An anonymous reader writes to mention a story going across the wires about an old-fashioned way to fix a modern convenience. Taiwanese boaters are using simple hooks to fish up the fiber-optic cables damaged in an earthquake late last year. The outage that resulted kept millions of users offline in half a dozen countries around the Pacific rim. From the article: "They work 24 hours a day but the weather can hinder their progress. Walters said one ship is waiting for 30 to 40 mile-an-hour winds (48 to 64 kilometres- an-hour) to die down in the Bashi Channel. The winds have stirred up 10 to 12 metre waves ... After arriving at the scene they survey the ocean bottom to assess whether the contour has changed, and the degree of sediment movement. Then the traditional tools are brought out. A rope with a grapnel on the end is played out, down into the depths, and towed over the sea floor until tension registers on a graph on the ship, indicating contact has been made with the cable. Today's fibre optic cables are just 21 millimetres in diameter."

8 of 98 comments (clear)

  1. No Electronics? by SageMusings · · Score: 5, Informative

    I beg to differ. There are devices known as OTDRs (optical time-domain reflectometers). Essentially, you shoot a pulse of light down the carrier and start a high-speed counter. The difference in refraction (say, a break in the cable or the end of the cable) causes a reflection that is detected at the device. Using the elapsed time, you get the distance to the break.

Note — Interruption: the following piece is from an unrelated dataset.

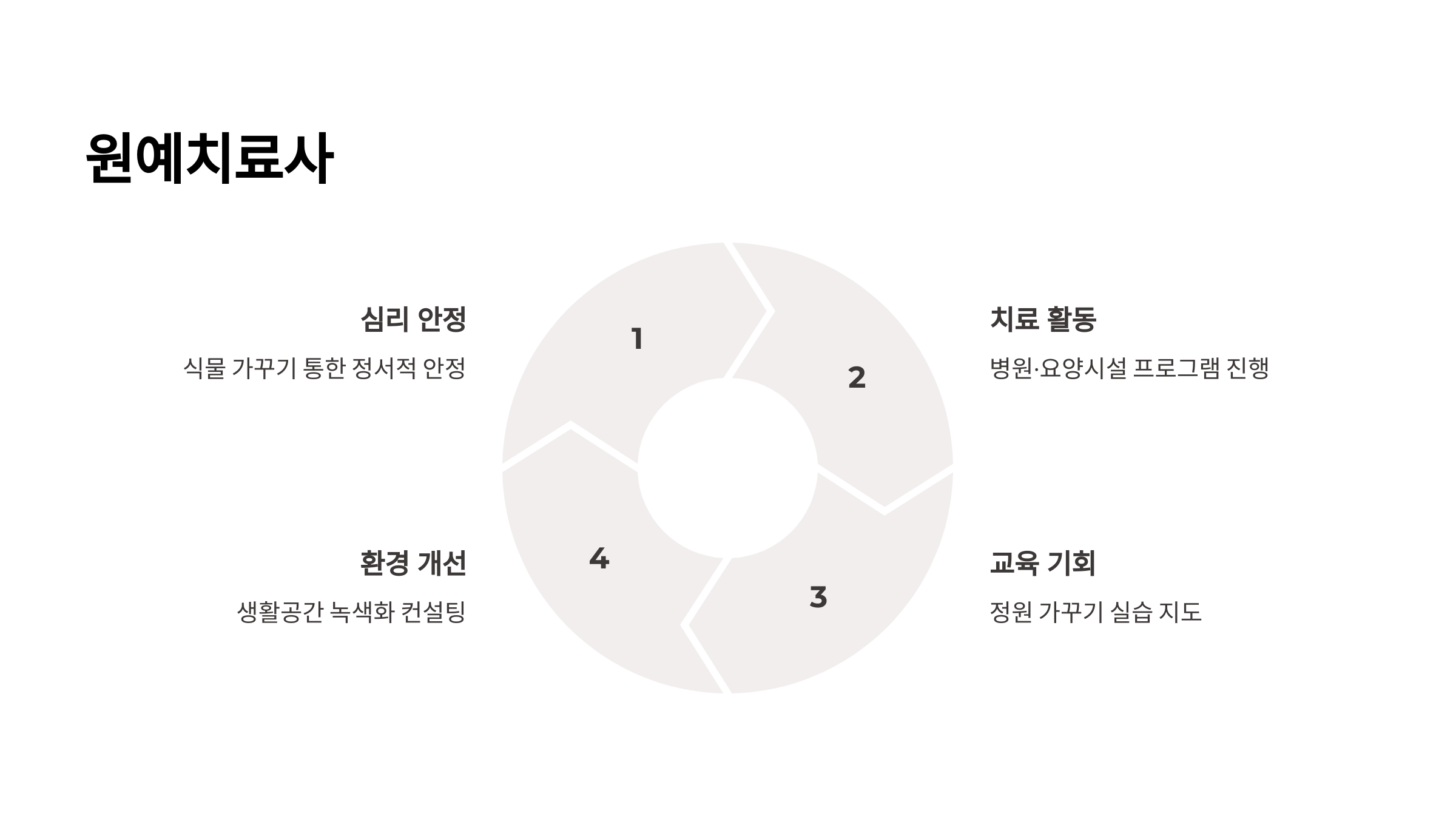 | 필요 기술 | 식물 관리, 심리치료 기법, 원예 지식 |

    Check out this link http://en.wikipedia.org/wiki/Optical_time_domain_r eflectometer

    I also saw a documentary on the Science channel about these ships. The whole process of fixing the break is sterile and professional. They use fusion splicers, which fuse the two ends with an electric arc. Fascinating stuff.

    --
    -- Posted from my parent's basement
  2. Re:21 mm? by PerlDudeXL · · Score: 2, Informative

    21 mm == 2,1 cm (which is more than half an inch)

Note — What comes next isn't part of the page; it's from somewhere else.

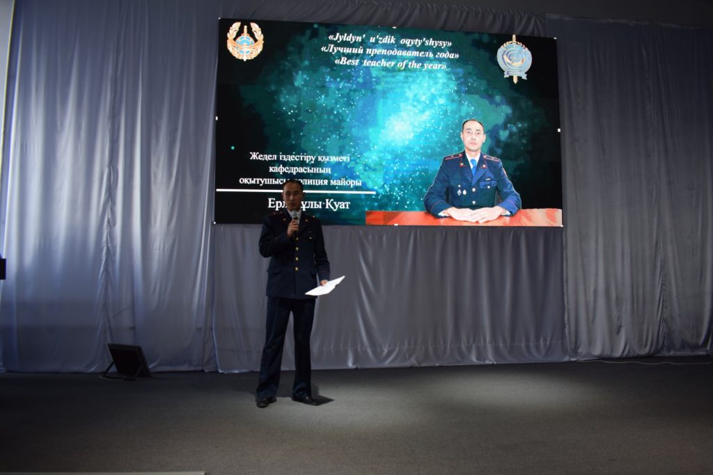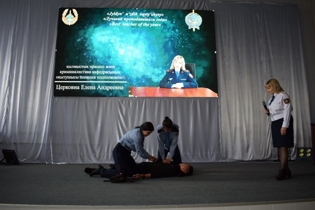 In the competition took part the Deputy Head of the Department of operational-investigative activities police Lieutenant Colonel Zh. A. Ayupov, senior lecturer of the Department of criminal process and criminalistics, police Lieutenant Colonel N. A. Chuprinyuk, senior lecturer of the Department of general disciplines, police Major A. Zh. Zharaskhan, lecturer of the Department of criminal process and criminalistics, police Lieutenant Colonel E. A. Cerkovnova, lecturer of the Department of operational-investigative activity, police Major K. Yerlanuly, lecturer of the Department of general legal disciplines, police Major M. D. Tuleshev, lecturer of administrative law and administrative activities of IAB, police Major S. R. Kalipova, lecturer of the Department of military and physical training, police Major D. A. Duysembaeva.
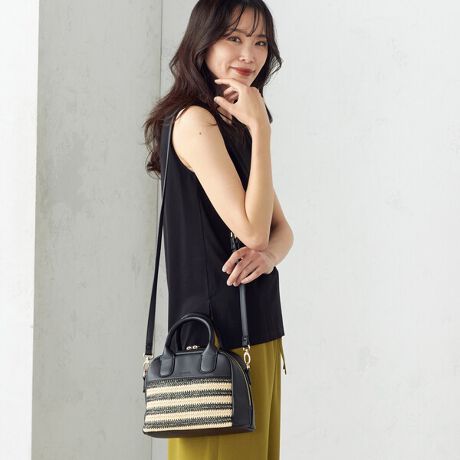 ・これからのシーズンのお出かけにピッタリなサイズの雑材ミニボストン。

    But I can image that those fibre cables are bundled and come with a undersee resistant coating.

  3. Actually... by kamapuaa · · Score: 4, Informative

    Actually, it didn't keep people offline in Asia. It just made international Internet connections incredibly slow. Using the Internet for national sites, which is the vast majority of Internet use, was barely effected. Here in China, nobody at my American-owned computer company even cared, except that MSN chat was pretty spotty for a couple days.

    --
    Slashdot: providing anti-social weirdos a soapbox, since 1997.
    1. Re:Actually... by Vinegar+Joe · · Score: 2, Informative

      Uh......friends of mine in Shenzhen were unable to send or receive email for a week and today I was *finally* able to make a call to Indonesia from Taipei. Many, many websites in the US simply timed out. Things are finally getting back to normal.

      --
      "The average reporter we talk to is 27 years old......They literally know nothing." - Ben Rhodes
  4. Re:21 mm? by Bios_Hakr · · Score: 4, Informative

    The don't just have fibers either. There is a central core; usually steel cable. Then they have power feeds for the repeaters. Every 50~100km, they'll have a repeater pod. Finally, they have the fibers and, on top, a thick metal or plastic sheath.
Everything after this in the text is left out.